Information provided Start Marker

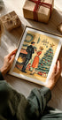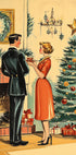 Treten Sie ein in einen kerzenbeleuchteten, schneebedeckten Abend, an dem der Charme der Jahrhundertmitte funkelt. Eine selbstbewusste Frau in einem leuchtend roten Kleid und ein eleganter Herr verweilen an einem schimmernden Weihnachtsbaum, die Schaufenster erstrahlen. Malerische Striche und Vintage-Töne hüllen die Szene in gemütliche Nostalgie und festliche Romantik. Perfekt, um einen warmen Urlaubsschwerpunkt zu schaffen.
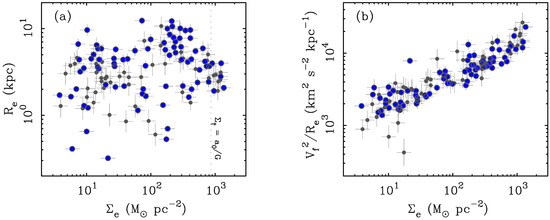 Conventionally, it had been expected that LSB galaxies should shift off of the Tully–Fisher relation defined by HSB galaxies [16,67], since the rotation speed depends on size as well as mass: . By squaring this, we obtain . It was argued [67] that a Tully–Fisher relation of the form follows if the surface brightness is the same for all galaxies, as was then believed [79]. This fails when confronted with data for LSB galaxies [76], which have different by definition.
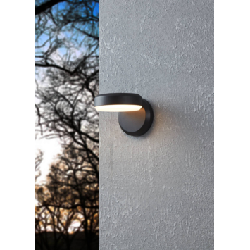 De FORNACI outdoor LED wandlamp bestaat uit een ronde muurplaat van zwart metaal en een lampbehuizing die ook rond is. De geïntegreerde LED's achter het naar beneden gerichte witte kunststof lichtoppervlak stralen een aangenaam, warm wit licht uit. Het armatuur is beschermd tegen stof en spatwater (IP54), zodat het zonder angst buiten kan worden gebruikt. Dankzij het eenvoudige ontwerp past deze buitenarmatuur in elke buitenruimte, of het nu direct bij de ingang van het huis of op het terras is.

Information provided End Marker

Make an exact copy of the data, leaving its pictures out.

 Treten Sie ein in einen kerzenbeleuchteten, schneebedeckten Abend, an dem der Charme der Jahrhundertmitte funkelt. Eine selbstbewusste Frau in einem leuchtend roten Kleid und ein eleganter Herr verweilen an einem schimmernden Weihnachtsbaum, die Schaufenster erstrahlen. Malerische Striche und Vintage-Töne hüllen die Szene in gemütliche Nostalgie und festliche Romantik. Perfekt, um einen warmen Urlaubsschwerpunkt zu schaffen.
 Conventionally, it had been expected that LSB galaxies should shift off of the Tully–Fisher relation defined by HSB galaxies [16,67], since the rotation speed depends on size as well as mass: . By squaring this, we obtain . It was argued [67] that a Tully–Fisher relation of the form follows if the surface brightness is the same for all galaxies, as was then believed [79]. This fails when confronted with data for LSB galaxies [76], which have different by definition.
 De FORNACI outdoor LED wandlamp bestaat uit een ronde muurplaat van zwart metaal en een lampbehuizing die ook rond is. De geïntegreerde LED's achter het naar beneden gerichte witte kunststof lichtoppervlak stralen een aangenaam, warm wit licht uit. Het armatuur is beschermd tegen stof en spatwater (IP54), zodat het zonder angst buiten kan worden gebruikt. Dankzij het eenvoudige ontwerp past deze buitenarmatuur in elke buitenruimte, of het nu direct bij de ingang van het huis of op het terras is.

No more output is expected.